Dans la foulée des désormais célèbres mais toujours aussi mal définis "risques psycho-sociaux", la santé au travail est devenue un thème porteur. On n'osera pas reprendre la malheureuse formule sur l'effet de mode mais on sent bien que l'engouement médiatique pour ce sujet passera, tandis que la question restera ouverte, car elle est complexe.
En effet, on observe de fâcheuses corrélations entre le travail (tout au moins le travail tel que nous le pratiquons en ce début de 21ème siècle, dans nos économies néolibérales et hypermodernes) et la maladie, les troubles de la santé, aussi bien physique que psychique.
Cela peut conduire à une interrogation sur l’avenir du travail : comment son rythme, son organisation et ses modalités peuvent-ils être repensés afin qu’il n’y ait pas d’arbitrage à faire entre santé et performance collective mais, tout au contraire, que se développe (à nouveau) une fructueuse dynamique entre les deux. ll n'appartient certes pas à un coach d'apporter des réponses à cette question. En revanche, la fonction de coach permet d’établir deux constats relatifs à la façon dont ce sujet impacte les managers et dirigeants.
Un dilemme éthique
Jusqu'à récemment, l'objectif principal assigné aux managers était le développement de la performance économique. Et il était entendu (implicitement au moins) que pour y parvenir, ils pouvaient, voire devaient "mettre la pression" sur leurs équipes. A chacun de trouver sa façon. Dès lors, quelques dommages collatéraux ne pouvaient être exclus...
Mais aujourd'hui, les grandes entreprises ont été contraintes d'élaborer des plans d'action antistress et les managers sont par conséquent sommés de continuer à obtenir les mêmes résultats économiques, tout en prenant des précautions vis à vis de leur personnel. Pas question que la médecine du travail s'en mêle ou que les CHSCT soient saisis, gare aux "droits d'alerte" ! Il faut mettre la pression, mais doucement ! Si je me laissais aller à un jeu de mots, je dirais que le mot d’ordre semble être à présent : « La pression sans la dépression ! ». Il s’agit donc d’un nouvel objectif, ajouté au mille-feuille des précédents, sans que l'ensemble soit repensé de façon cohérente. De nombreux managers, à tous les niveaux hiérarchiques, vivent cette double contrainte comme un véritable dilemme éthique.

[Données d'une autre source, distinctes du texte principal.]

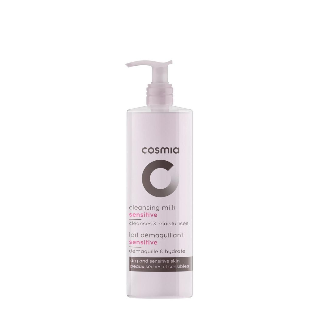 "Spécialement conçu pour les peaux sèches et sensibles, ce lait démaquillant nettoie la peau sans l'agresser. Sa formule douce aux fleurs de jasmin débarrasse la peau de ses impuretés tout en l'hydratant. Dès la première utilisation, la peau est apaisée, libérée de toute sensation de tiraillement. Elle retrouve souplesse et douceur. Testé sous contrôle dermatologique. Fabriqué en France CONSEILS D'UTILISATION : Appliquer sur le visage à l'aide d'un coton afin d'éliminer le maquillage et les impuretés..Inutile de rincer.Pour un démaquillage optimal, appliquer ensuite la lotion tonique Cosmia pour peaux sèches et sensibles.PRECAUTIONS D'EMPLOI : Ne pas appliquer sur une peau irritée ou endommagée."
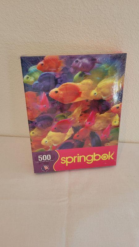 Lot 158:  Vintage New Sealed SPRINGBOK 500 pc. SCHOOLED IN COLOR Fish
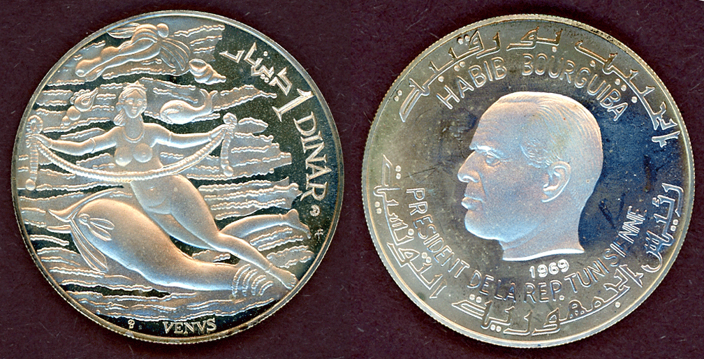 Item Number: TUN-25. Proof 63+ 1 Dinar .925 Fine Silver #299 Large 40 MM coin - Venus with the ribbon of love. The head of Habib Bourguiba facing left. Low mintage of only 15,000$55.00
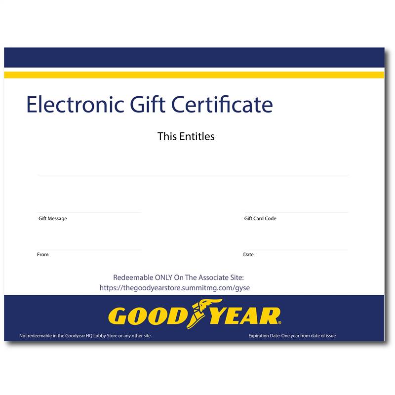 Gift Certificates to the Goodyear Associate Store website are easy to give and are always well received. Gift Certificates are electronic. A paper certificate will not be sent. **This item is non refundable and cannot be cancelled

L’érosion de la santé des managers
Diverses études ont montré qu'un rythme de travail très soutenu nuit à la santé physique et psychique, à moyen et long terme.
En voici une illustration, évoquée par le très sérieux et managérial International Herald Tribune (dans son édition du 19 mai 2010) : une récente étude britannique, qui a suivi 6000 travailleurs sur une période de 11 ans, conclue que ceux d’entre eux qui travaillent régulièrement plus de 10 heures par jour ont un risque de maladies cardio-vasculaires de 60 % plus élevé que ceux qui s’en tiennent à 7 heures de labeur quotidien.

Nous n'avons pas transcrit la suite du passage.